The Cyperaceae, or sedge, family is a family of flowering plants that grow in wet regions around the world. It contains around 5,000 different plant species, many of which have shown remarkable biological properties in in vitro and in vivo studies. According to researchers, plants from the sedge family owe their health-promoting properties to the high amounts of phenols and flavonoids they contain. These properties include antioxidant, anti-inflammatory, antimicrobial and anti-cancer properties, among others.

In a recent study, researchers at the Federal University of Alagoas in Brazil investigated the biological and chemical properties of three representative plants from the sedge family, namely, Kyllinga odorata (fragrant spikesedge), Oxycaryum cubensis (Cuban bulrush) and Rhynchospora nervosa (white star sedge).

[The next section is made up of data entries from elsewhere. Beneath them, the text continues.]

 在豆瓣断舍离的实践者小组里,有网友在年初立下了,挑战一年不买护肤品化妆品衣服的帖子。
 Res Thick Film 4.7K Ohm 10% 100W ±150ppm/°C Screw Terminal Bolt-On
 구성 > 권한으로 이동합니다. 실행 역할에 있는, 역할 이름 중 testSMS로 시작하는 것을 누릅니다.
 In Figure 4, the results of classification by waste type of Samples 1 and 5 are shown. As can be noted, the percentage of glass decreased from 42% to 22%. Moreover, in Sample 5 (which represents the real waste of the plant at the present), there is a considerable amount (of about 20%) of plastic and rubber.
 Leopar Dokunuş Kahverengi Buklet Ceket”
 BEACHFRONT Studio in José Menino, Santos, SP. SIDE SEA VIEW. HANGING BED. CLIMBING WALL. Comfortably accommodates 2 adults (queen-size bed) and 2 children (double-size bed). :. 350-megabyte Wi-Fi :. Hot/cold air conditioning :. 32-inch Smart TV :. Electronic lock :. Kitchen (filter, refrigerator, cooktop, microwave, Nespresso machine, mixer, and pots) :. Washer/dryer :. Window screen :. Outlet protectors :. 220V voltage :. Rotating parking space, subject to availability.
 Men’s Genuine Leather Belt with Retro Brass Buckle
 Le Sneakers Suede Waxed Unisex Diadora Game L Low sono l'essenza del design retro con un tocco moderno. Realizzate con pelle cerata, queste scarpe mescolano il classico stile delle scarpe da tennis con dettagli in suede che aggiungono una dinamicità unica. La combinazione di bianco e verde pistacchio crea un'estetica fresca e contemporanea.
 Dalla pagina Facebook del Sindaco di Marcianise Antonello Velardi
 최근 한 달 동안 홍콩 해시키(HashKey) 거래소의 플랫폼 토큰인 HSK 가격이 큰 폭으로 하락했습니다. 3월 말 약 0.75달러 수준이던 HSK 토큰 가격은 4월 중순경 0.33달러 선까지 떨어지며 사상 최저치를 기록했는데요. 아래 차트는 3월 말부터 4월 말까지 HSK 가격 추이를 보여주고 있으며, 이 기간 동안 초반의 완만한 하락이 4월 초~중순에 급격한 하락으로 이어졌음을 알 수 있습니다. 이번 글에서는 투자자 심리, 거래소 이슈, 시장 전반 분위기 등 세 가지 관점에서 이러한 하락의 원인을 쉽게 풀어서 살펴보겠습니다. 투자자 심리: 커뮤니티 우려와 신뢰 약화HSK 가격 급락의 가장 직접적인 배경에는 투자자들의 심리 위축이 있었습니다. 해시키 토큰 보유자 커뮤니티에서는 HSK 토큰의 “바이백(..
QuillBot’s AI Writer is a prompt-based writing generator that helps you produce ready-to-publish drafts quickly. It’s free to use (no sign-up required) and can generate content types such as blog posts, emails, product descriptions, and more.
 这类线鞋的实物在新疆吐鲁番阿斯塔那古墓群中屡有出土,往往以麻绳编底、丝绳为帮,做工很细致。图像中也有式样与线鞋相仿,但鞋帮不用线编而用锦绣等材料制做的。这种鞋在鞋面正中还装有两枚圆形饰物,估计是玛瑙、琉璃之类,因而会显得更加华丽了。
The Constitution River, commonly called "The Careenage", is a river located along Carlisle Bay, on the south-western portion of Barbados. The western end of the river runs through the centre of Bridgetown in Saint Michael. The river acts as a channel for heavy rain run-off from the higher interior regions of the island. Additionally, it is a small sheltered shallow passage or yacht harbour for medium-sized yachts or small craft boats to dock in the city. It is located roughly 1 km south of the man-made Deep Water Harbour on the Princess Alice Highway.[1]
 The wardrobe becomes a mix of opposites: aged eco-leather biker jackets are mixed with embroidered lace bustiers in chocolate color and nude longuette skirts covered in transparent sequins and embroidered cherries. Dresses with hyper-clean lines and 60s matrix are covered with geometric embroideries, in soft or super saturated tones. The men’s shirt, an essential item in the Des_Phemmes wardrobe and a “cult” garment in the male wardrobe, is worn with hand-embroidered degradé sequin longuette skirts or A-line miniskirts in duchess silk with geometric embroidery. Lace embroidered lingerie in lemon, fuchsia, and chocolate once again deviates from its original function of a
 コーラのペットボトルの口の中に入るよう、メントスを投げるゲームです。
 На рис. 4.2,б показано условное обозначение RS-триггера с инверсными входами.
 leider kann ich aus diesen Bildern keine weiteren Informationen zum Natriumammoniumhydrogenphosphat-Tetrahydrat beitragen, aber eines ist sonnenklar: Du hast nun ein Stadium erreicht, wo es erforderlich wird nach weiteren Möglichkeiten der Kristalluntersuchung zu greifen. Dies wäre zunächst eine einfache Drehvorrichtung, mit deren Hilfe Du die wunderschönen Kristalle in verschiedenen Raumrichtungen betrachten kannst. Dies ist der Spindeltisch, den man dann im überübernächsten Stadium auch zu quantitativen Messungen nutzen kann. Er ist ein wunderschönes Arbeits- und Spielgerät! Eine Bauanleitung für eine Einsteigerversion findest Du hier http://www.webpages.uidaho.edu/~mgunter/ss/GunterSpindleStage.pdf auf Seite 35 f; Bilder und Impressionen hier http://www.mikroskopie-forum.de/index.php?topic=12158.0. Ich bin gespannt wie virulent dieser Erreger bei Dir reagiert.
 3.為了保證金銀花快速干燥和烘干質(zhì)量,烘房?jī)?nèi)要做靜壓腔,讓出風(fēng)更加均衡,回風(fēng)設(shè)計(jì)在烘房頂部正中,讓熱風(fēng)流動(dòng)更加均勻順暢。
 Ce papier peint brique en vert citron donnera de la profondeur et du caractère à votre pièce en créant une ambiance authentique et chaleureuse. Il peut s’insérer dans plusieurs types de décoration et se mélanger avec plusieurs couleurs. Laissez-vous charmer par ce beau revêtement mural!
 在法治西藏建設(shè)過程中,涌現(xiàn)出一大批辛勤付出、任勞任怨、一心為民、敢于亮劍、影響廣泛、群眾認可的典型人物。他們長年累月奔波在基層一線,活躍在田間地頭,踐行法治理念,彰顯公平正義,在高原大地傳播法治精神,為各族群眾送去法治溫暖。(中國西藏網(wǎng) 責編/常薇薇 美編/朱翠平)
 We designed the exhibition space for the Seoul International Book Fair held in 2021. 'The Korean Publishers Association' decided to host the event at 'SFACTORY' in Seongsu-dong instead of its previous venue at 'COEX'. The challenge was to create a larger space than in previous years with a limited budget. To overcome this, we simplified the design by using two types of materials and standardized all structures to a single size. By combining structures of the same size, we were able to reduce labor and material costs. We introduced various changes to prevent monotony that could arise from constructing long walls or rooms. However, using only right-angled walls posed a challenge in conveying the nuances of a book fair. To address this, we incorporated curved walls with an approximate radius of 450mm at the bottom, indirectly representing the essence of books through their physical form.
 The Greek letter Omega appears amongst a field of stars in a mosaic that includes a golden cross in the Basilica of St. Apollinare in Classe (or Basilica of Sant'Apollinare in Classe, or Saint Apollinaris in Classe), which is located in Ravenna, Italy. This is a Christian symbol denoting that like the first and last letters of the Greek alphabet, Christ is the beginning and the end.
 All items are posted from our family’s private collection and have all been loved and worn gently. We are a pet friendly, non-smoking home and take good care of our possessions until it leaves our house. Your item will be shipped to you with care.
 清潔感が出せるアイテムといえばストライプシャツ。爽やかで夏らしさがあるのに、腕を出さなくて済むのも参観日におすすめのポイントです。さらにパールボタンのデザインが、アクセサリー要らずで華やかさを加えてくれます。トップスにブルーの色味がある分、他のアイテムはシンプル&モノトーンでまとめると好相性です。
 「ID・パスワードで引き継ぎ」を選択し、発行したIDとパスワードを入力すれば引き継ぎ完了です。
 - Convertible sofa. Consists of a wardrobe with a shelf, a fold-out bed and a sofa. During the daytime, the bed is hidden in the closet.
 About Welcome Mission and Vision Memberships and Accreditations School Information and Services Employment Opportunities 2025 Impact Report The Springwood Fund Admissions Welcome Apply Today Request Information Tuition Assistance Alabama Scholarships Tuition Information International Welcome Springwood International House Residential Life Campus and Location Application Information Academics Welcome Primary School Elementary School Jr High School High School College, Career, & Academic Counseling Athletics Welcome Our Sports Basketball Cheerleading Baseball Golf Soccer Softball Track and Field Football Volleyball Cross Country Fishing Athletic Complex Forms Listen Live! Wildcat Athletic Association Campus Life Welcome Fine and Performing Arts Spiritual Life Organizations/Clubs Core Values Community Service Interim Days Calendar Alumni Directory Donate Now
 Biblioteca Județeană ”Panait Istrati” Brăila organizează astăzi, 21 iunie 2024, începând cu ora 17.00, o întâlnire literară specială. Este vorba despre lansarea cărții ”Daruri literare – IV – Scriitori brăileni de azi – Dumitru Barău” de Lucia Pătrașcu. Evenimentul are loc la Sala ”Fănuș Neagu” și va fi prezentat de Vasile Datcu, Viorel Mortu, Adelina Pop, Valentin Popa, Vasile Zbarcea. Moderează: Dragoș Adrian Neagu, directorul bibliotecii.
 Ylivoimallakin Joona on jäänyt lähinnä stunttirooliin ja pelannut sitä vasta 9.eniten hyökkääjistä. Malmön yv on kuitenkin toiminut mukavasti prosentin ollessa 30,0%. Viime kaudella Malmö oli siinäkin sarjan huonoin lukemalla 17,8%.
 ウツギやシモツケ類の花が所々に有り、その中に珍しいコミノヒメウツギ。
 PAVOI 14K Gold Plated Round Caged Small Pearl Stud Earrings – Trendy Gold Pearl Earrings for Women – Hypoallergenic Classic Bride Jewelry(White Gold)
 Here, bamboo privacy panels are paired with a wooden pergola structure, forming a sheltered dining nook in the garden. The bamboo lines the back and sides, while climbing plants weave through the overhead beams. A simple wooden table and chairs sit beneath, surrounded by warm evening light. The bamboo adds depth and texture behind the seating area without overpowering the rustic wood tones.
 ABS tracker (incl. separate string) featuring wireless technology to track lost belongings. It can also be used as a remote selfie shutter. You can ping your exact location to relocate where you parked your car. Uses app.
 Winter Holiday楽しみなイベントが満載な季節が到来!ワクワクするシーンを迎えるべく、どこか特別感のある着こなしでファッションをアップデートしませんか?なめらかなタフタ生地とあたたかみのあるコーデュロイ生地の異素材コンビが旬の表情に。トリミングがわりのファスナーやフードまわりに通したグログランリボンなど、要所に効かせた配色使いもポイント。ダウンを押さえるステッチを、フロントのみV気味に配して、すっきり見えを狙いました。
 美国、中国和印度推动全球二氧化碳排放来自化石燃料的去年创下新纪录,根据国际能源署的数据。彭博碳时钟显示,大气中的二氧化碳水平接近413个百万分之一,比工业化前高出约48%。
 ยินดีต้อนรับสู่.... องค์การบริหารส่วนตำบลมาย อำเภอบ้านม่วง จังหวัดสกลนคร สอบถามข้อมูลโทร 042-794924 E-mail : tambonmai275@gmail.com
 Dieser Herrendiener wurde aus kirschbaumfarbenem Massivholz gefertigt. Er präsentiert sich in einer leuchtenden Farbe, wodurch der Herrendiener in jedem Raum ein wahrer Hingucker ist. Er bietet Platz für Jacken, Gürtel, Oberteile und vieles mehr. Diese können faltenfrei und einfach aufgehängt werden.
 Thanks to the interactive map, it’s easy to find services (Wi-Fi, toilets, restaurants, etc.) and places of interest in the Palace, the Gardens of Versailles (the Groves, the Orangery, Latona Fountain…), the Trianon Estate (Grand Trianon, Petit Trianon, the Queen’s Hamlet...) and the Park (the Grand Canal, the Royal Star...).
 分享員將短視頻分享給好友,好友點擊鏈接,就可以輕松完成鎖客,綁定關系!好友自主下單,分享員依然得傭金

They specifically looked at the antimicrobial and antioxidant potentials of these medicinal plants and sought to identify the compounds responsible for their uses. The researchers reported their findings in an article published in the Journal of Medicinal Plants Research.

Plants in the sedge family are rich sources of natural antioxidant and antimicrobial agents

Many species from the sedge family have attracted scientific interest because of their abundance of antimicrobial components. The researchers chose fragrant spikesedge because of its history of use as a traditional medicine in Paraguay. Previous studies also suggest that it has diuretic, antispasmodic, antidiarrheal and astringent properties that can be attributed to its flavone and tannin content.

Meanwhile, plants from the genus Rhynchospora, to which white star sedge belongs, have been found to contain plenty of natural antimicrobial agents. In contrast, plants from the genus Oxycaryum have not been examined for their biological properties despite reports of their medicinal uses. (Related: Survival tips and tricks: 5 NATURAL antibiotics in your kitchen.)

For their experiment, the researchers prepared hydroalcoholic extracts from the aerial and underground parts of fragrant spikesedge, Cuban bulrush and white star sedge. They then analyzed the extracts’ phytochemical composition, quantified their total flavonoid and phenol content, and evaluated their in vitro antioxidant activities.

In addition, the researchers evaluated the in vitro antimicrobial activities of the ethyl acetate and chloroform fractions of the three extracts, then used chromatography to analyze their bioactive components. The researchers were able to identify several phytochemicals, such as chlorogenic acid, myricitrin, catechin, apigenin, quercetin, luteolin, chrysin and rutin.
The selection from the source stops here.